That is the whole issue of quantum mechanics, forget about your "common sense intution", do the formalism and compare to experiments.

As I wrote in my post just 5seconds ago, this "counter-intuitive" thing has to do with the commutator between x and p. Which is a quite intutive one, from mathematics, it is just the imaginary unit times the classical poisson-bracket of x and p...
 
  • #6
unseensoul said:
Where does the uncertainty principle apply to? Elementary particles and photons?
It applies to all non-commuting observables. Now that may not mean much to you but if you learn the five (depending on how you count them) basic axioms of QM and a little linear algebra then it will.
unseensoul said:
Why is it impossible to measure both position and momentum precisely?
Well the question "why?" is being misused here. The "why?" question only makes sense in the context of a theory. That being said, it isn't impossible. What is impossible, according to QM theory, is to make such simultaneous measurements.
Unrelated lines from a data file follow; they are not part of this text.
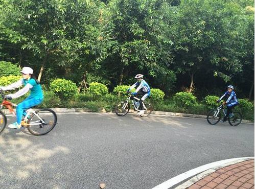 顺便拍了下骑行的驴友,还是个大美女哦。里面环境确实不错,好多人踩单车,绿道修的也不错。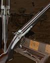 28in. bold twist barrels with raised, partially matted rib, open sights and two folding leaf sights with white metal inlaid sight lines and marked for 50 / 150, 200 and 250 yards, ramped bead fore-sight, the tubes engraved 'HOLLAND & HOLLAND. 98. NEW BOND STREET. LONDON. WINNER OF ALL THE "FIELD" RIFLE TRIALS. LONDON.', treble-grip action with Jones patent rotary underlever, elongated top strap, carved percussion fences with replacement nipples, rebounding back-action locks with dolphin hammers, fine acanthus scroll engraving, the left side of the action bar engraved 'CHARGE 5 DRAMS. CASE 3 1/4 INCHES', brushed bright finish overall, 14 3/4in. highly-figured pistolgrip stock with cheekpiece, engraved steel pistolgrip-cap, sling eyes and including 1in. rubber recoil pad, the pistolgrip wood with small stamp 'T. ADSETT GUILDFORD', fore-end with small insert repair, in its leather case with original trade and charges labels and additional T. Adsett & Son trade label, the lid outer marked 'R.P.R.G. Durham L.I.'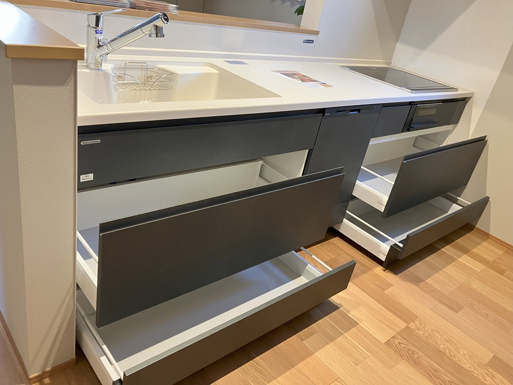 引き出し式収納は上から一目で見渡せるので探し物がすぐ見つけられますね♪ソフトクローズ機能でゆっくり閉まるので安全性も高いですね。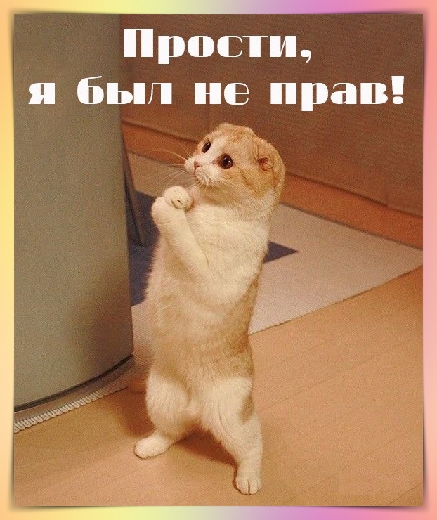 КопироватьПостоянная ссылкаВ закладкиМой любимый! Я виновата перед тобой. Очень злюсь на себя за свои глупости. Всю ночь не спала и думала об этом. Я очень сожалею. Извини меня, пожалуйста! Ты самый умный, самый великодушный. Ты же сам уже понимаешь, что это не со зла. Извини, любимый мой! Мне так стыдно и так плохо!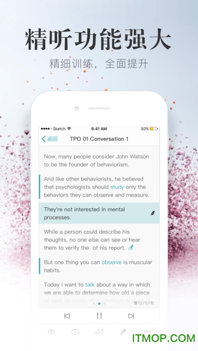 根据考满分名师团队多年教学经验开发的专业精听功能,所有听力材料都经过人工逐句切分和校对。支持0.5-2.0倍速调节,每句话可无限次重复播放,配合原文对照和重点词汇标注功能,帮助用户彻底吃透每个句子。系统会自动记录用户的精听进度和难点句子。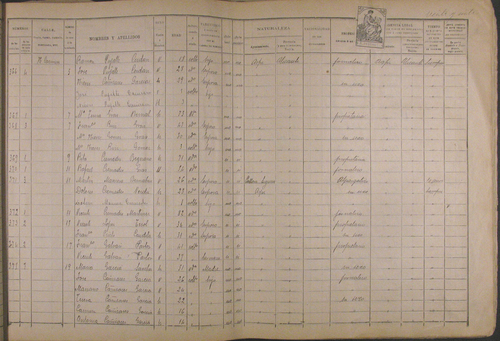 Padrón de habitantes, 1900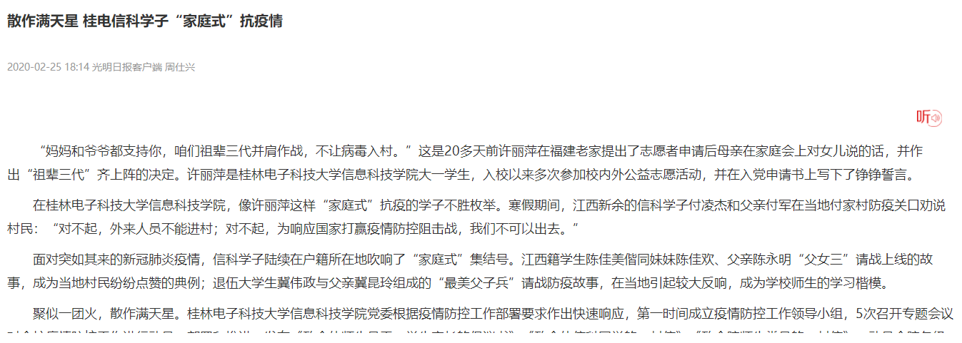 光明日报客户端:http://share.cloud.gmw.cn/yunmei-share/?shareTitle=%E6%95%A3%E4%BD%9C%E6%BB%A1%E5%A4%A9%E6%98%9F%20%20%E6%A1%82%E7%94%B5%E4%BF%A1%E7%A7%91%E5%AD%A6%E5%AD%90%E2%80%9C%E5%AE%B6%E5%BA%AD%E5%BC%8F%E2%80%9D%E6%8A%97%E7%96%AB%E6%83%85&shareImg=https://s.cloud.gmw.cn/2016/json/upload/resources/image/2016/12/13/6100070.png&shareDes=&sourceUrl=http://s.cloud.gmw.cn/gmrb/c/2020-02-25/1369517.shtml&articleId=1369517&token=5a53c5d93392dd5a5d3d54b82a37adab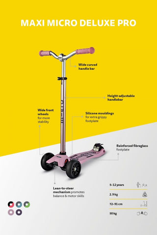 Thanks to the height-adjustable handlebar, the Maxi Micro Deluxe Pro grows with the child and will be a long-time companion.
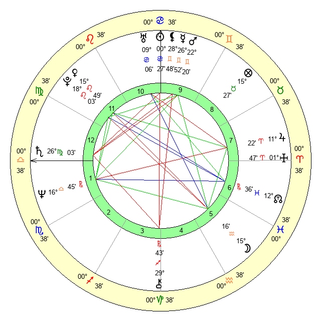 | Saturn | 26 Virgo 35 | 1 Aries 28 | 2 Libra 57 |
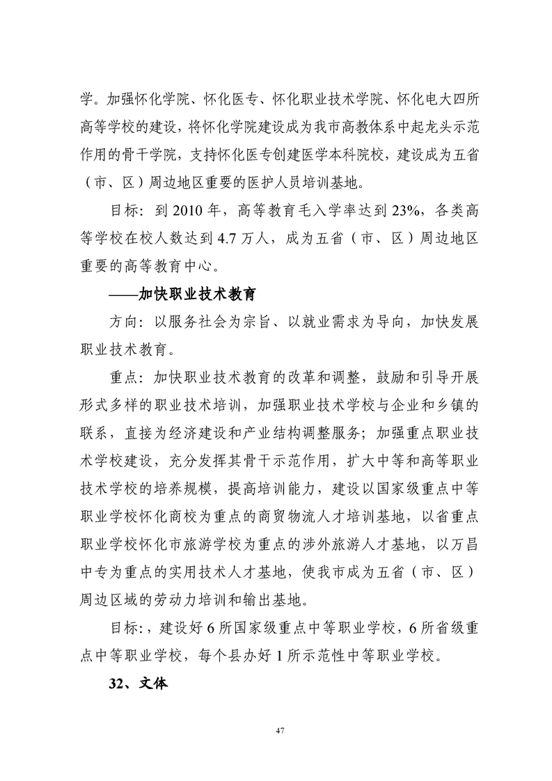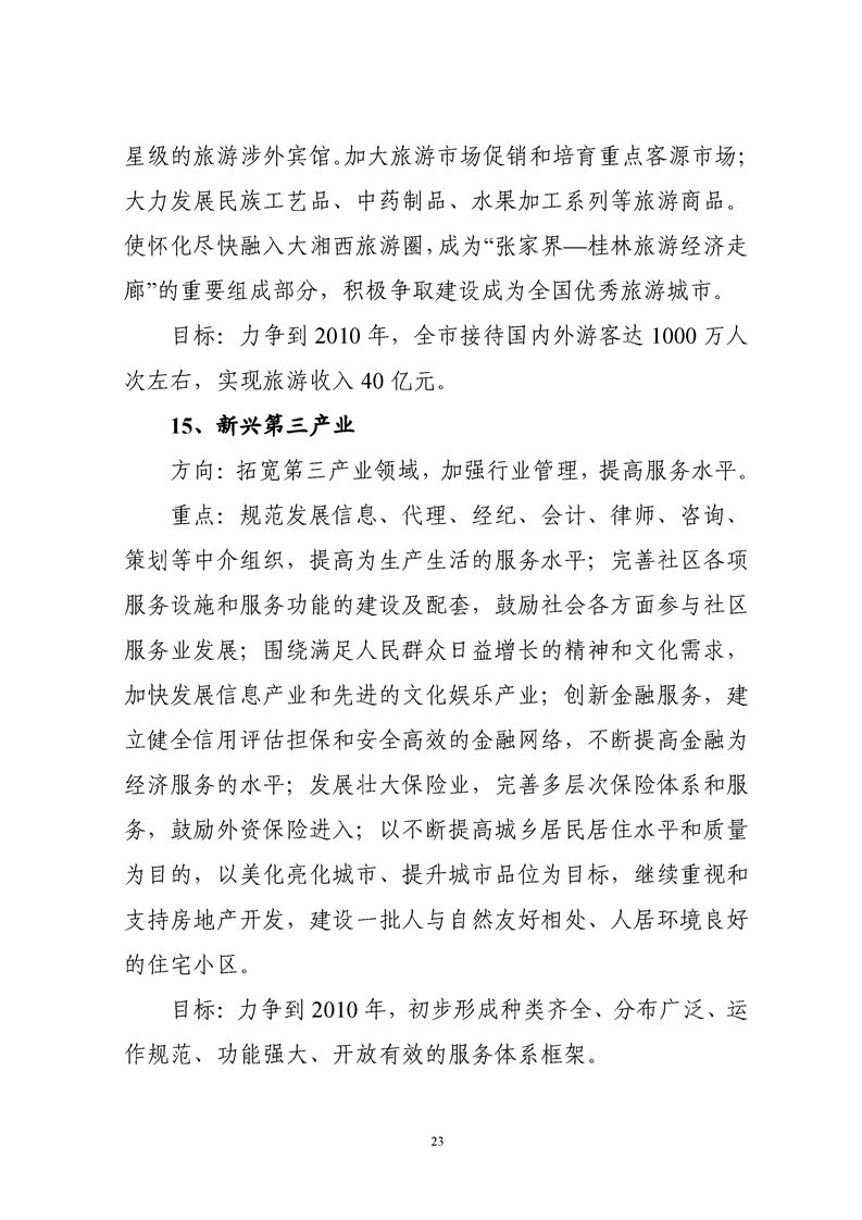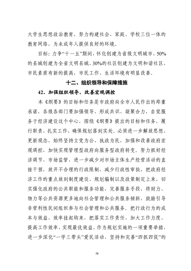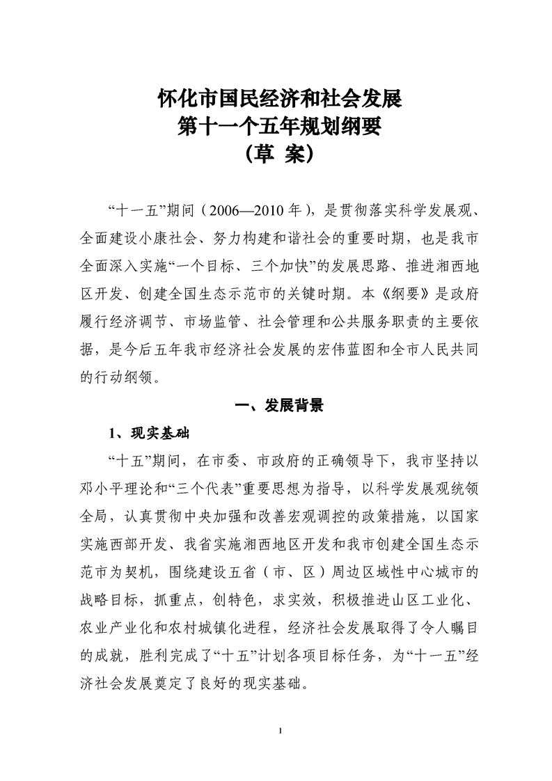 懷化市“十一五”規(guī)劃綱要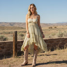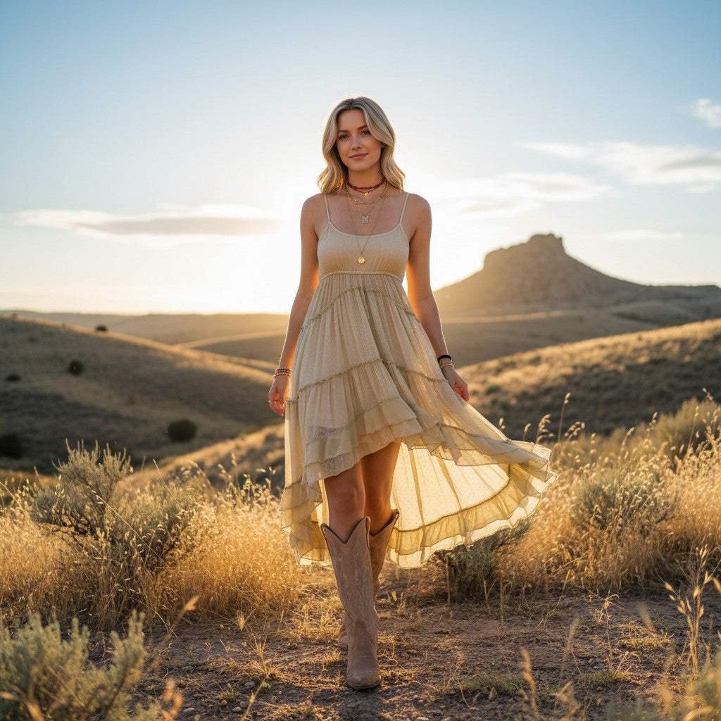 The airy fabric and movement in the skirt give it that effortless boho look that pairs perfectly with boots, sandals, or a denim jacket when the evening cools down.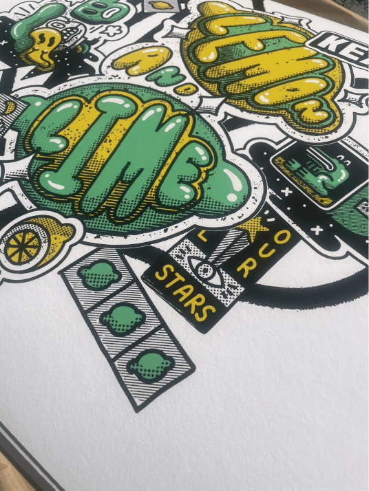 Marking the release of Keyside’s new single, this is a framed fine art print of the Lemon & Lime artwork, hand signed by the artist Neil Keating and all four members of Keyside.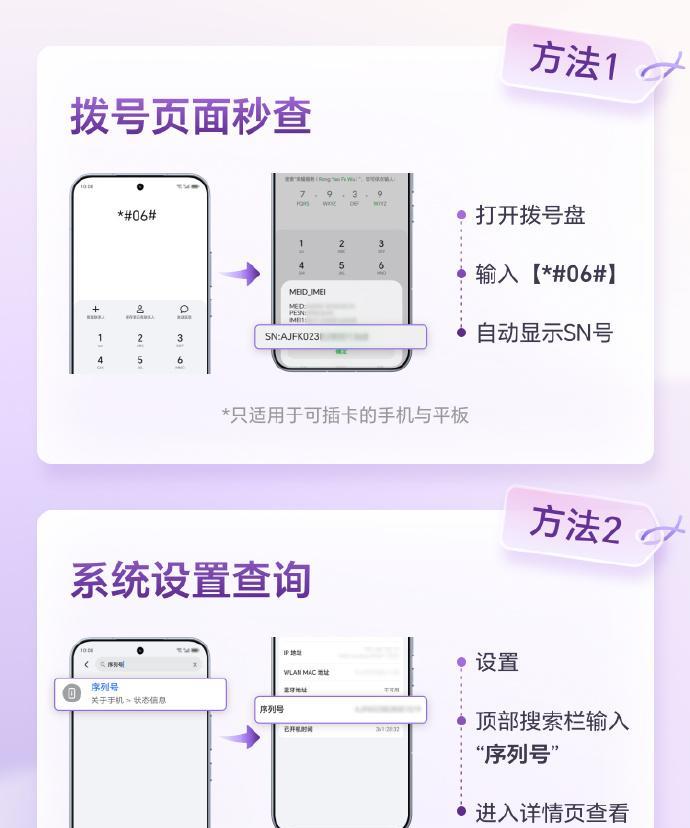 手机的身份标识是什么呢?好多朋友会很困惑,表示手机型号不就是标识嘛,其实手机是有唯一性身份标识,就是SN号,也叫做产品序列号,这个号码就相当于手机的身份证。那么有朋友会追问,这个SN号如何来查询呢?荣耀客服通过图文来解答4种查询方式。 首先是通用方式,各个手机品牌都一样,打开拨号盘,输入*#06 # 就会自动显示SN号。第二种方式就是通过系统设置,输入关键字:序列号,进行查询。第三种方式荣耀手机,通过我的荣耀APP, 底部服务页面来查询。第四种方式通过产品包装盒查找。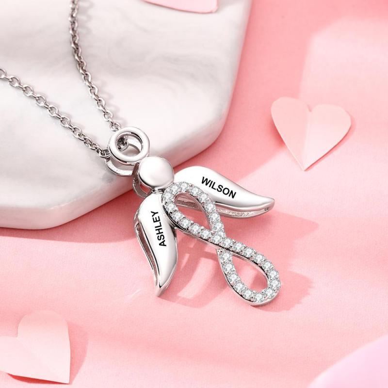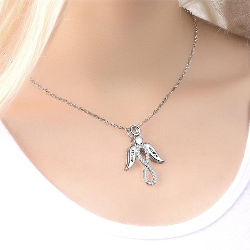 Benutzerdefinierte Unendlichkeit Halskette Flügel Anhänger Name Halskette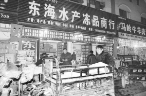 记者随着熙熙攘攘的人群,进入一家名为东海水产冻品商行的店内。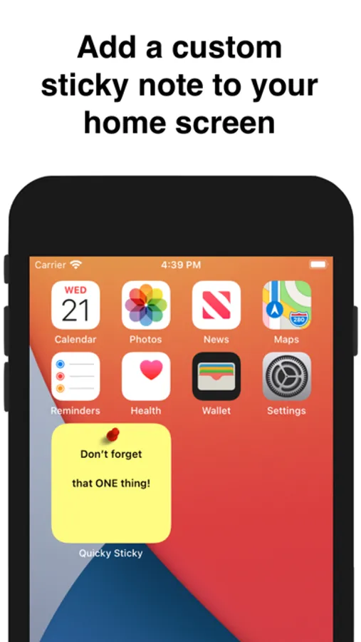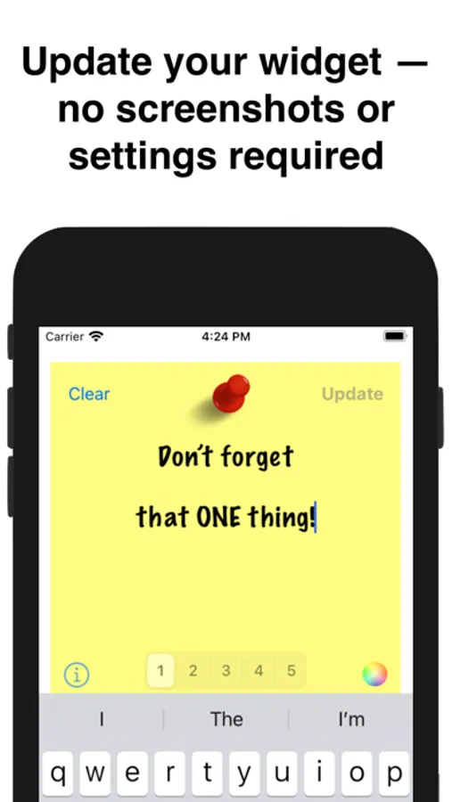 Create a sticky note reminder for your home screen with one tap. No images or settings required.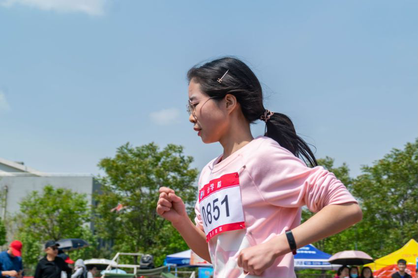 “选择3000米,是因为我从小就练长跑,耐力较好,而且这是一个具有挑战性的项目,我想有所突破。”20级会计实验班杜剑萧同学向我们解释为何选择三千米的项目。

In the language of the QM axioms the observables (position and momentum in this case but there are others) must share common eigenstates (ie their operators must commute) in order that measurements of the observables can be made simultaneously.
unseensoul said:
Is it because the observer changes the nature of things (ie. the collapse of the wavefunction)?
That is not part of the theory.
 
  • #7
malawi_glenn said:
As Hurkyl said, it is the simultaneous measurment of momentum and position that is impossible.
And that has to do with the commutator between the x and p-operator. And from that commutator you derive the Heisenberg uncertainty relation.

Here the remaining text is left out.